→ INFORMATION PROVIDED
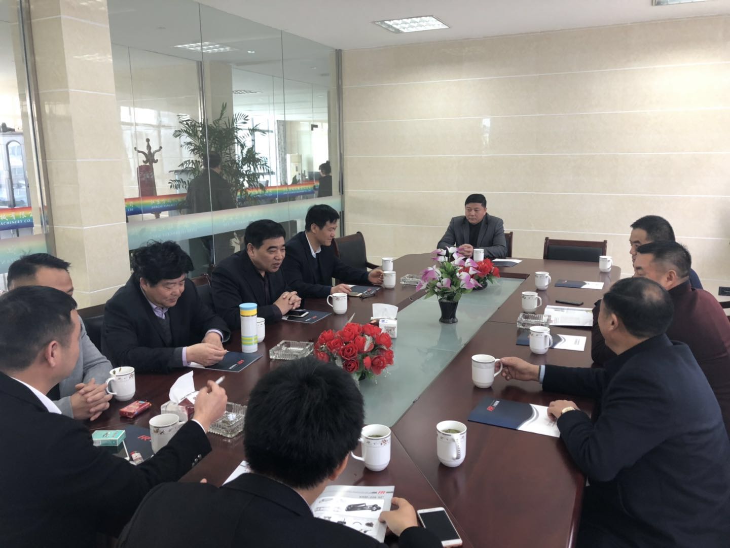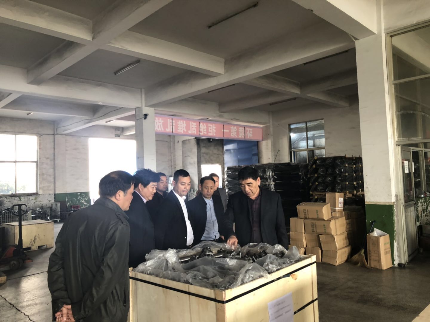 首先,考察团一行前往我商会副会长单位江苏方瑞机械有限公司进行考察,董事长殷方义热情接待了考察团一行。在考察期间,殷董事长带领考察团一行参观了工厂生产车间、仓库及生产流程和加工技术,并向考察团领导对企业目前发展规模、前景和下一步规划进行了详细的讲解,考察团对企业有了更加全面和深入的了解。参观结束后,汪主席一行对企业在行业的发展赞不绝口,鼓励其在有利于企业发展的情况下,回乡扩大生产。
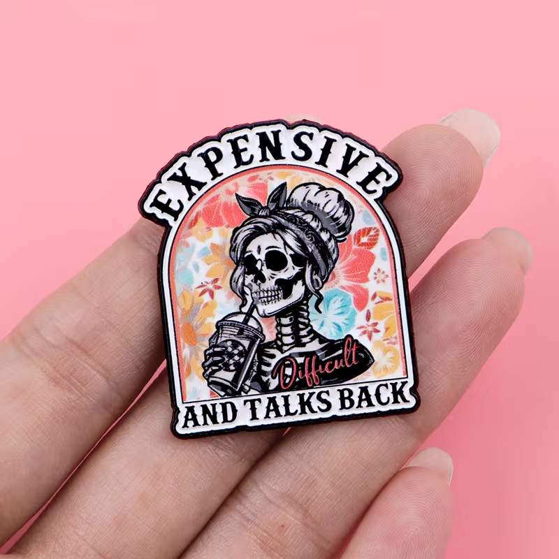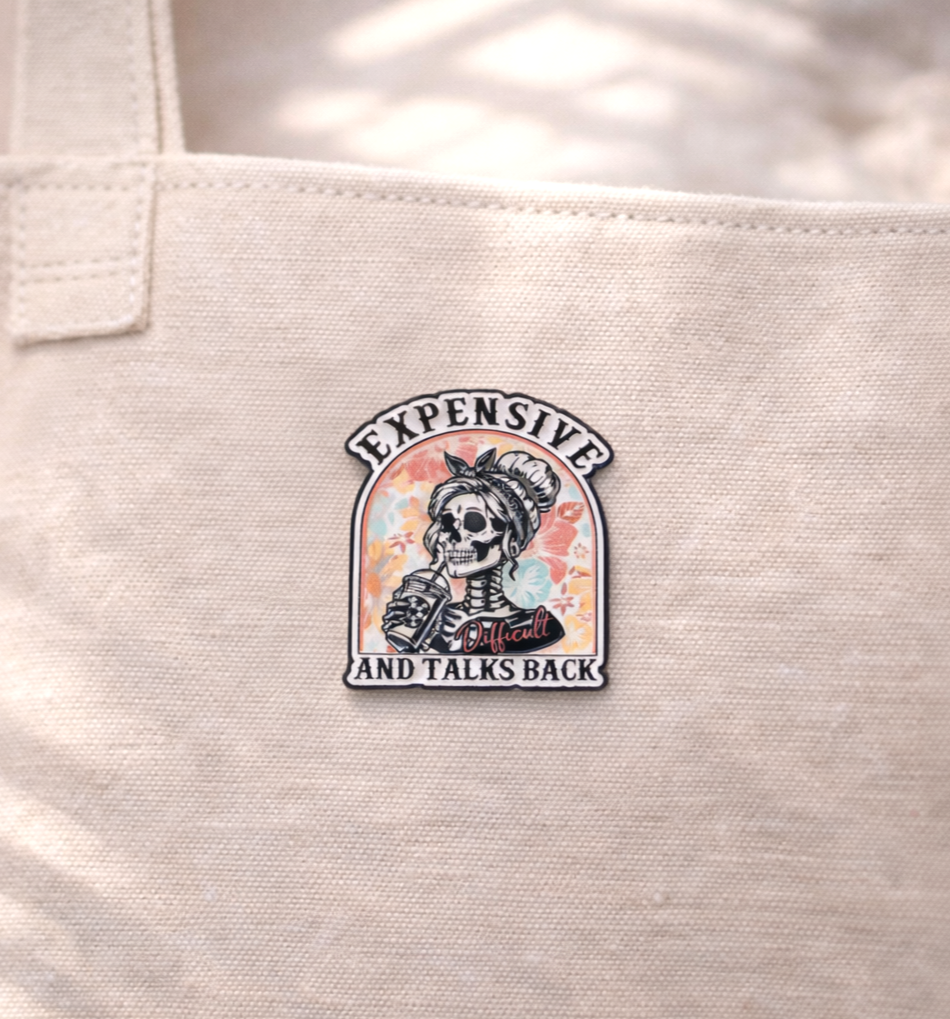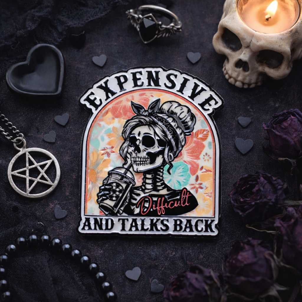 expensive and talks back pin, skeleton enamel pin, goth enamel pin, goth girl aesthetic, gothic accessories, sarcastic enamel pin, sassy enamel pin, funny skeleton pin, skull aesthetic pin, alt girl accessories, alternative fashion pin, pastel goth pin, cute goth pin, witchcore pin, witchy aesthetic pin, dark feminine pin, baddie aesthetic pin, cottagecore skeleton pin, retro skeleton pin, rockabilly skeleton pin, emo aesthetic pin, punk aesthetic pin, dark humor enamel pin, novelty enamel pin, sassy quote pin, coffee lover pin, iced coffee skeleton pin, cute gothic pin, feminine gothic style, halloween enamel pin, spooky aesthetic pin, pop culture skeleton pin, aesthetic lapel pin, collectible enamel pin, indie accessories, girl boss pin, attitude pin, edgy accessories, skeleton girl art pin, floral skeleton pin, pastel skeleton pin, vintage tattoo style pin, alt accessories, gothic fashion pin, alternative aesthetic gift, sarcastic gift idea, trendy enamel pin, baddie aesthetic, cute goth pins, gen z pins, boss babe pins, boss bitch, sugar baby pins, rich girl aesthetic.
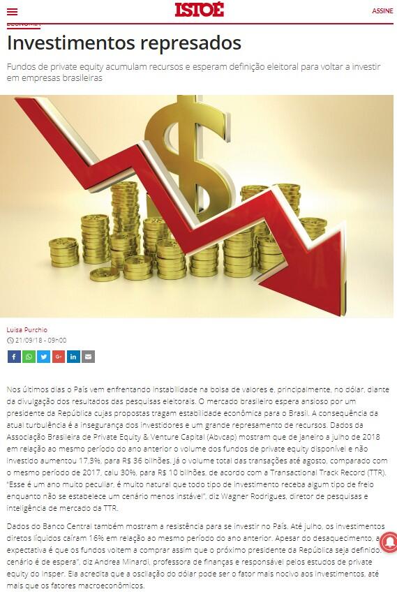 Nos últimos dias o País vem enfrentando instabilidade na bolsa de valores e, principalmente, no dólar, diante da divulgação dos resultados das pesquisas eleitorais. O mercado brasileiro espera ansioso por um presidente da República cujas propostas tragam estabilidade econômica para o Brasil. A consequência da atual turbulência é a insegurança dos investidores e um grande represamento de recursos. Dados da Associação Brasileira de Private Equity & Venture Capital (Abvcap) mostram que de janeiro a julho de 2018 em relação ao mesmo período do ano anterior o volume dos fundos de private equity disponível e não investido aumentou 17,3%, para R$ 36 bilhões. Já o volume total das transações até agosto, comparado com o mesmo período de 2017, caiu 30%, para R$ 10 bilhões, de acordo com a Transactional Track Record (TTR). “Esse é um ano muito peculiar, é muito natural que todo tipo de investimento receba algum tipo de freio enquanto não se estabelece um cenário menos instável”, diz Wagner Rodrigues, diretor de pesquisas e inteligência de mercado da TTR.

→ YOUR GOAL
Would you retype all the lines shown above, exactly as written and without any picture?

→ TASK SOLUTION
 首先,考察团一行前往我商会副会长单位江苏方瑞机械有限公司进行考察,董事长殷方义热情接待了考察团一行。在考察期间,殷董事长带领考察团一行参观了工厂生产车间、仓库及生产流程和加工技术,并向考察团领导对企业目前发展规模、前景和下一步规划进行了详细的讲解,考察团对企业有了更加全面和深入的了解。参观结束后,汪主席一行对企业在行业的发展赞不绝口,鼓励其在有利于企业发展的情况下,回乡扩大生产。
 expensive and talks back pin, skeleton enamel pin, goth enamel pin, goth girl aesthetic, gothic accessories, sarcastic enamel pin, sassy enamel pin, funny skeleton pin, skull aesthetic pin, alt girl accessories, alternative fashion pin, pastel goth pin, cute goth pin, witchcore pin, witchy aesthetic pin, dark feminine pin, baddie aesthetic pin, cottagecore skeleton pin, retro skeleton pin, rockabilly skeleton pin, emo aesthetic pin, punk aesthetic pin, dark humor enamel pin, novelty enamel pin, sassy quote pin, coffee lover pin, iced coffee skeleton pin, cute gothic pin, feminine gothic style, halloween enamel pin, spooky aesthetic pin, pop culture skeleton pin, aesthetic lapel pin, collectible enamel pin, indie accessories, girl boss pin, attitude pin, edgy accessories, skeleton girl art pin, floral skeleton pin, pastel skeleton pin, vintage tattoo style pin, alt accessories, gothic fashion pin, alternative aesthetic gift, sarcastic gift idea, trendy enamel pin, baddie aesthetic, cute goth pins, gen z pins, boss babe pins, boss bitch, sugar baby pins, rich girl aesthetic.
 Nos últimos dias o País vem enfrentando instabilidade na bolsa de valores e, principalmente, no dólar, diante da divulgação dos resultados das pesquisas eleitorais. O mercado brasileiro espera ansioso por um presidente da República cujas propostas tragam estabilidade econômica para o Brasil. A consequência da atual turbulência é a insegurança dos investidores e um grande represamento de recursos. Dados da Associação Brasileira de Private Equity & Venture Capital (Abvcap) mostram que de janeiro a julho de 2018 em relação ao mesmo período do ano anterior o volume dos fundos de private equity disponível e não investido aumentou 17,3%, para R$ 36 bilhões. Já o volume total das transações até agosto, comparado com o mesmo período de 2017, caiu 30%, para R$ 10 bilhões, de acordo com a Transactional Track Record (TTR). “Esse é um ano muito peculiar, é muito natural que todo tipo de investimento receba algum tipo de freio enquanto não se estabelece um cenário menos instável”, diz Wagner Rodrigues, diretor de pesquisas e inteligência de mercado da TTR.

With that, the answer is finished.